Lahore, especially, is stuck in a cultural rut. On one hand lies tradition – purists dictating what art can, would and should be to maintain the “sanctity” of their glorious history, of “culture” and the past. And then there are those who are constantly looking for novelty, who want to break away from the mildness of such customs. For them, the impulse to fuse the past and the future together is the only way local art can make way to create a present.

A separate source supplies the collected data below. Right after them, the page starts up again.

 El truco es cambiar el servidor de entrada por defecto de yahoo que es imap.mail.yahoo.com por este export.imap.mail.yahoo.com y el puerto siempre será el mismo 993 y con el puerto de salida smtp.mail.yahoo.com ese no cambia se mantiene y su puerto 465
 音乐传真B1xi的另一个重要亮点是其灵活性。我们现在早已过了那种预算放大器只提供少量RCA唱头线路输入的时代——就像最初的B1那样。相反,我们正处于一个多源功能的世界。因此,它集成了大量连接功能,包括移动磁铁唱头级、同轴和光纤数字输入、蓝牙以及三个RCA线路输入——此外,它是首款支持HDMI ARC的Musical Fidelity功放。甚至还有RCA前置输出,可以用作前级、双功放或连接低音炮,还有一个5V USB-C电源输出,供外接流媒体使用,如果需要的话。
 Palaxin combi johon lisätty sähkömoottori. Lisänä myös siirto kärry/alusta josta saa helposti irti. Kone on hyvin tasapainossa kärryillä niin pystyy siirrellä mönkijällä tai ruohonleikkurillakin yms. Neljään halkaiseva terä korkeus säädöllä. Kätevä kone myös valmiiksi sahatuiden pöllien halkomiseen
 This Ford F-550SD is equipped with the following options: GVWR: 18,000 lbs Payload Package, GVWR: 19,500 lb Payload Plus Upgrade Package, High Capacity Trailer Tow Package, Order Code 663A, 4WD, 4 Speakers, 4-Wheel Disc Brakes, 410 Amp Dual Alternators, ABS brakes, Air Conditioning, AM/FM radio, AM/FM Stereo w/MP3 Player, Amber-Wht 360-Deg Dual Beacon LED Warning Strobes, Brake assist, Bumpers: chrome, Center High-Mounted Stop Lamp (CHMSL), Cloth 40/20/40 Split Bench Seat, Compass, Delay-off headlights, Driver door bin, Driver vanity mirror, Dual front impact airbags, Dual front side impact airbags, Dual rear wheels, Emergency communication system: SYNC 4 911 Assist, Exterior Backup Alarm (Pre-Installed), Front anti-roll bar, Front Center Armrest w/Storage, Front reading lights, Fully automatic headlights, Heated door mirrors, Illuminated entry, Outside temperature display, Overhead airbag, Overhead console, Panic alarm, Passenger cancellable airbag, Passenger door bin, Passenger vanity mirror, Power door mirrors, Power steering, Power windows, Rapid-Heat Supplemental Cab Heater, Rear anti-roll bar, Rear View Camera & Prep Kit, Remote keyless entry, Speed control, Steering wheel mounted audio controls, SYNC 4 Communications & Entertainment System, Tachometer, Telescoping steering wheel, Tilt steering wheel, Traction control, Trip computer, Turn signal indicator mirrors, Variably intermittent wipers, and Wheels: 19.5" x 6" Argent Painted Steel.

The city has been observing a rock and fusion music since a while now, as has the rest of Pakistan – therefore, the live music scene here is mostly dominated by such scenes and bands, and an overall traditionalist rocker mentality. Despite many talented individual musicians and bands, the majority seems reluctant to explore beyond conventional styles and instruments because of which the music scene seems worn-out to those who have made an effort to explore beyond these well-known but sluggish musical strongholds. Factors such as the internet and exposure to clubs abroad have also helped in exposing young blood to electronic music, and now, finally, to the rise of the first generation (of sorts) of electronic music in Lahore.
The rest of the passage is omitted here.